# WHAT IS REQUIRED:
Look through the entries below and copy exactly the part that begins with the line containing "Antique: Yes |" and ends with the line containing "3. Pull throttle". Do not copy the pictures.

# SUPPLIED ENTRIES:
########################################
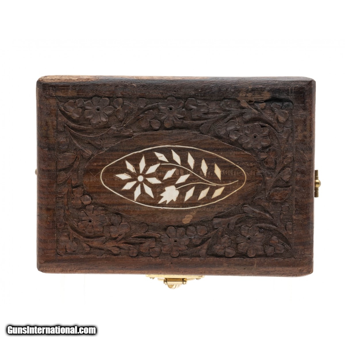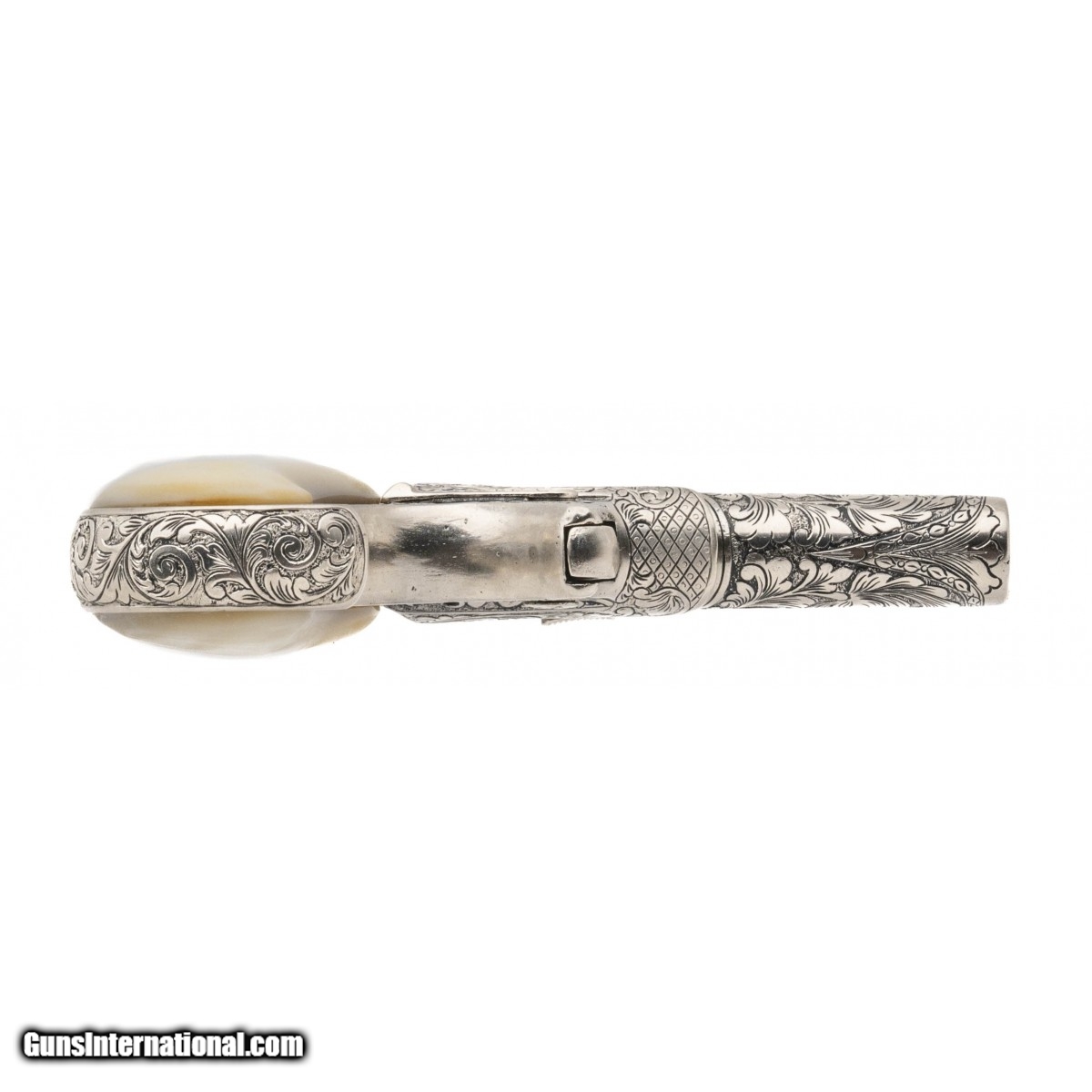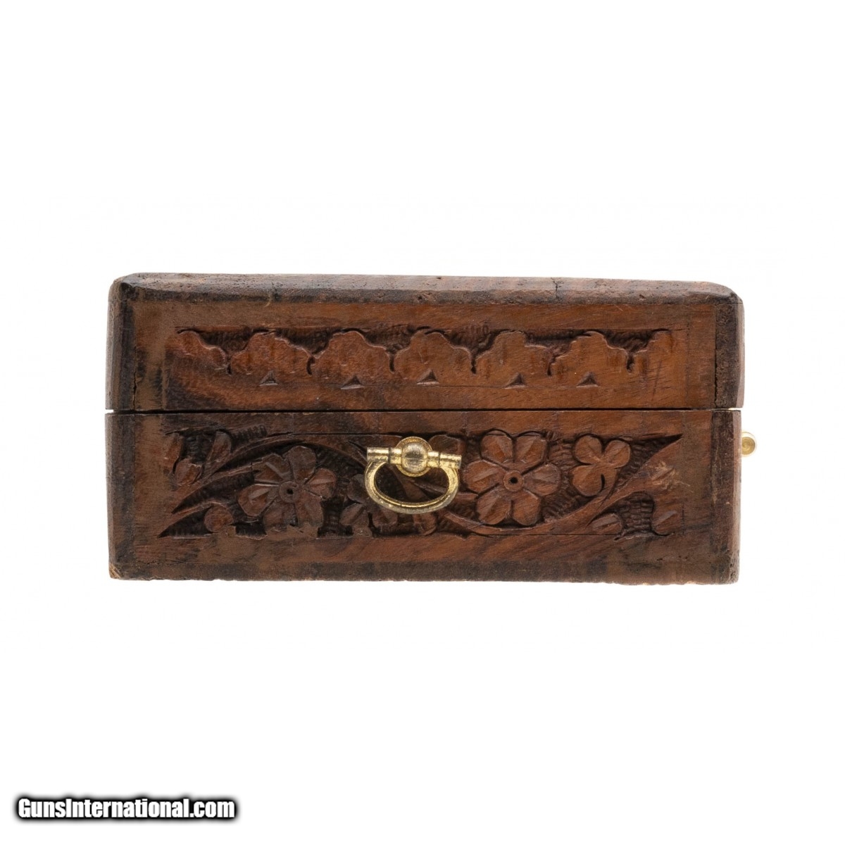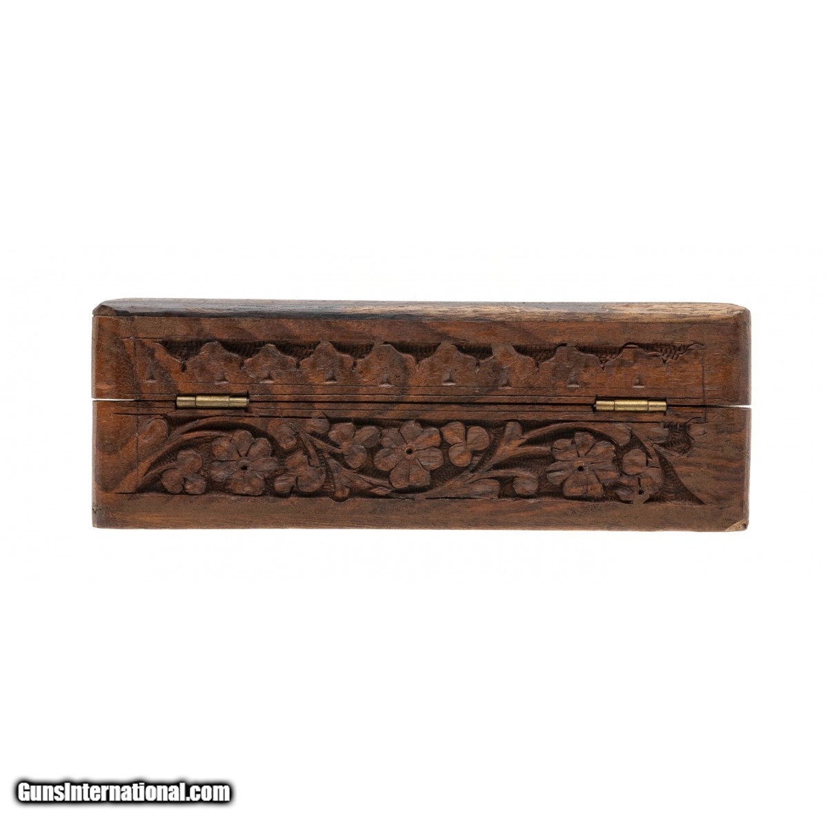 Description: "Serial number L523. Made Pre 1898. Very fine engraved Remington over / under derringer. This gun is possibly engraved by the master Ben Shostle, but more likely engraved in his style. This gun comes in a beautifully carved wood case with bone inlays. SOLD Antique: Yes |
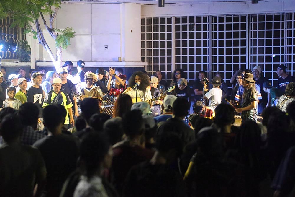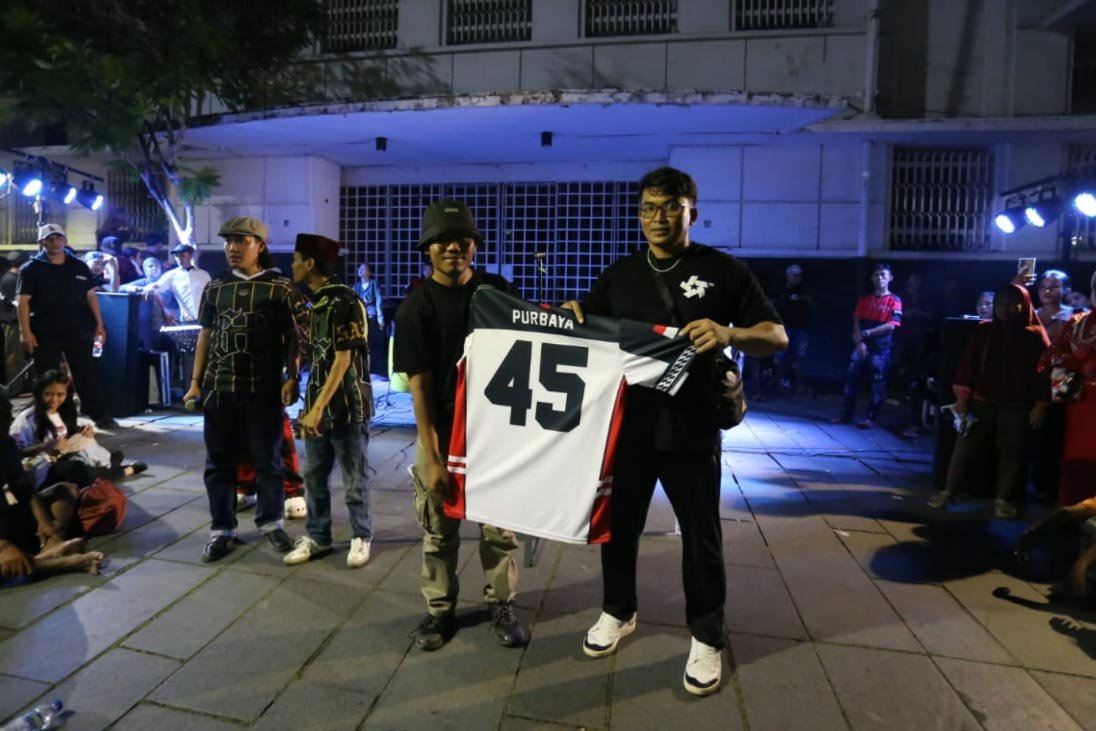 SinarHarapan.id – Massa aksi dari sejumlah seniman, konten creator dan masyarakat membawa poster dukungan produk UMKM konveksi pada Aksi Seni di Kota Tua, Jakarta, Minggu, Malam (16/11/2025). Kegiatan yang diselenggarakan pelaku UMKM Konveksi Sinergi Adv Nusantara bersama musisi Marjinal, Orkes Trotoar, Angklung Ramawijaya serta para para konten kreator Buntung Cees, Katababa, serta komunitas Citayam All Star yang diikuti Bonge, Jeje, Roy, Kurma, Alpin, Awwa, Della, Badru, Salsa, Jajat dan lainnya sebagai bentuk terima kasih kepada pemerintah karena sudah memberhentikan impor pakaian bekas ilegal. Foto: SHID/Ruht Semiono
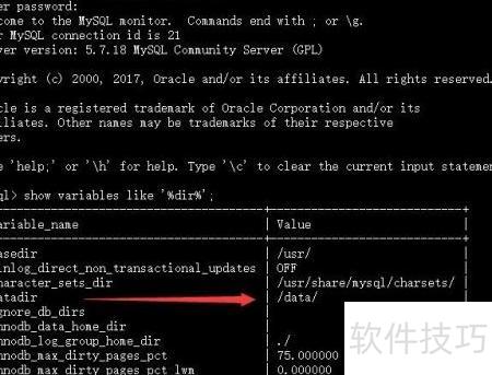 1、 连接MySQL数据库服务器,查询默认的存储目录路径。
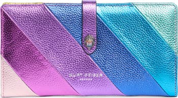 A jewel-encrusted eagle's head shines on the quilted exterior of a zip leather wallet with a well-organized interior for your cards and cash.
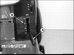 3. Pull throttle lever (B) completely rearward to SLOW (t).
########################################
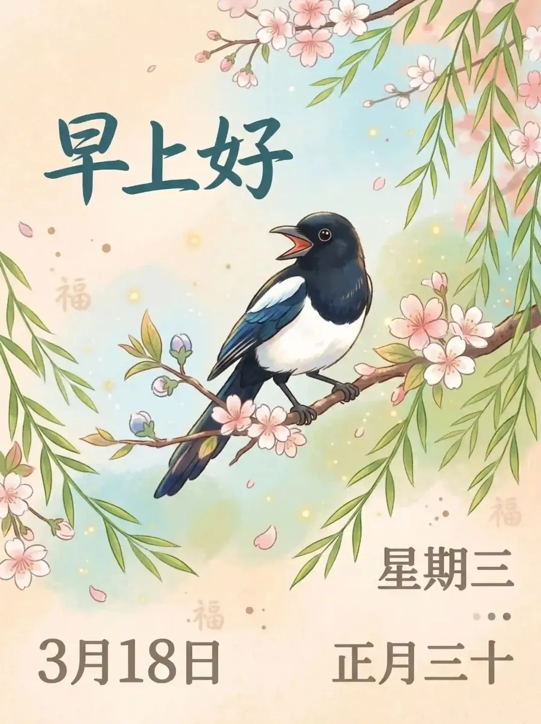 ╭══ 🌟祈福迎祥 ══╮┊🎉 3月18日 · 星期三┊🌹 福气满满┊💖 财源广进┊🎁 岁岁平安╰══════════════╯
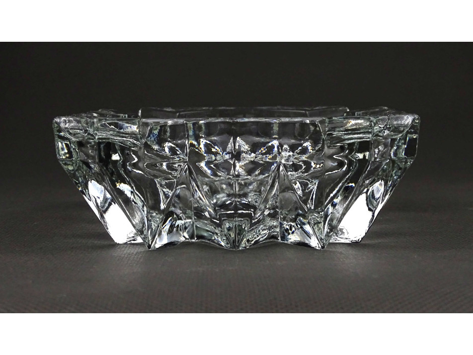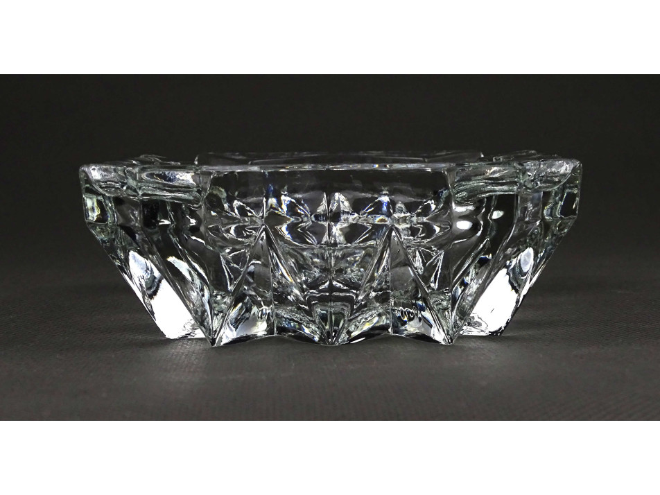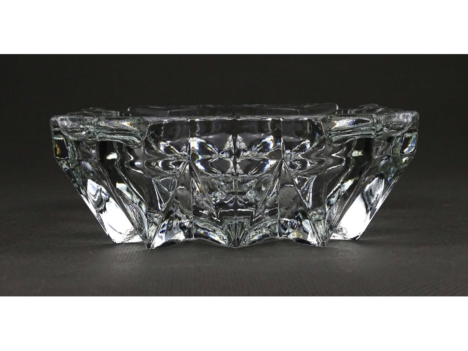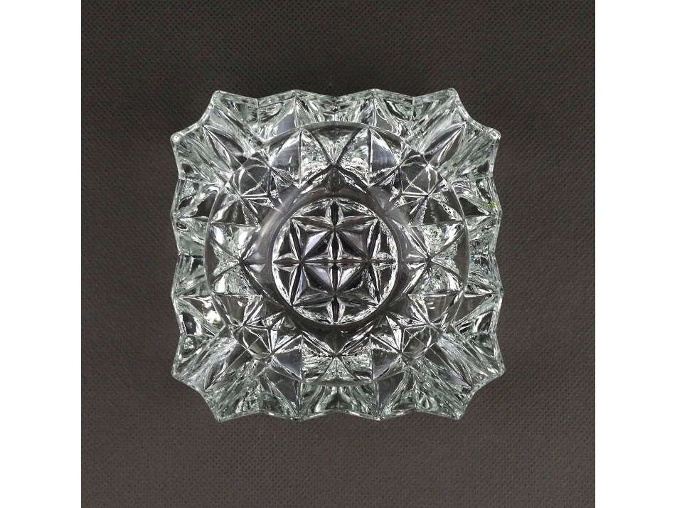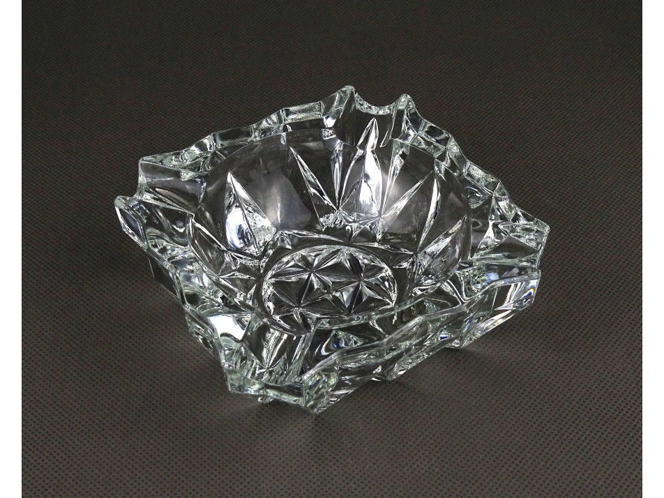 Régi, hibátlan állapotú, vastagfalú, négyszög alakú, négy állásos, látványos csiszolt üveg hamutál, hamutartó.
########################################
# OUTPUT FOR THIS EXERCISE:
 Description: "Serial number L523. Made Pre 1898. Very fine engraved Remington over / under derringer. This gun is possibly engraved by the master Ben Shostle, but more likely engraved in his style. This gun comes in a beautifully carved wood case with bone inlays. SOLD Antique: Yes |
 SinarHarapan.id – Massa aksi dari sejumlah seniman, konten creator dan masyarakat membawa poster dukungan produk UMKM konveksi pada Aksi Seni di Kota Tua, Jakarta, Minggu, Malam (16/11/2025). Kegiatan yang diselenggarakan pelaku UMKM Konveksi Sinergi Adv Nusantara bersama musisi Marjinal, Orkes Trotoar, Angklung Ramawijaya serta para para konten kreator Buntung Cees, Katababa, serta komunitas Citayam All Star yang diikuti Bonge, Jeje, Roy, Kurma, Alpin, Awwa, Della, Badru, Salsa, Jajat dan lainnya sebagai bentuk terima kasih kepada pemerintah karena sudah memberhentikan impor pakaian bekas ilegal. Foto: SHID/Ruht Semiono
 1、 连接MySQL数据库服务器,查询默认的存储目录路径。
 A jewel-encrusted eagle's head shines on the quilted exterior of a zip leather wallet with a well-organized interior for your cards and cash.
 3. Pull throttle lever (B) completely rearward to SLOW (t).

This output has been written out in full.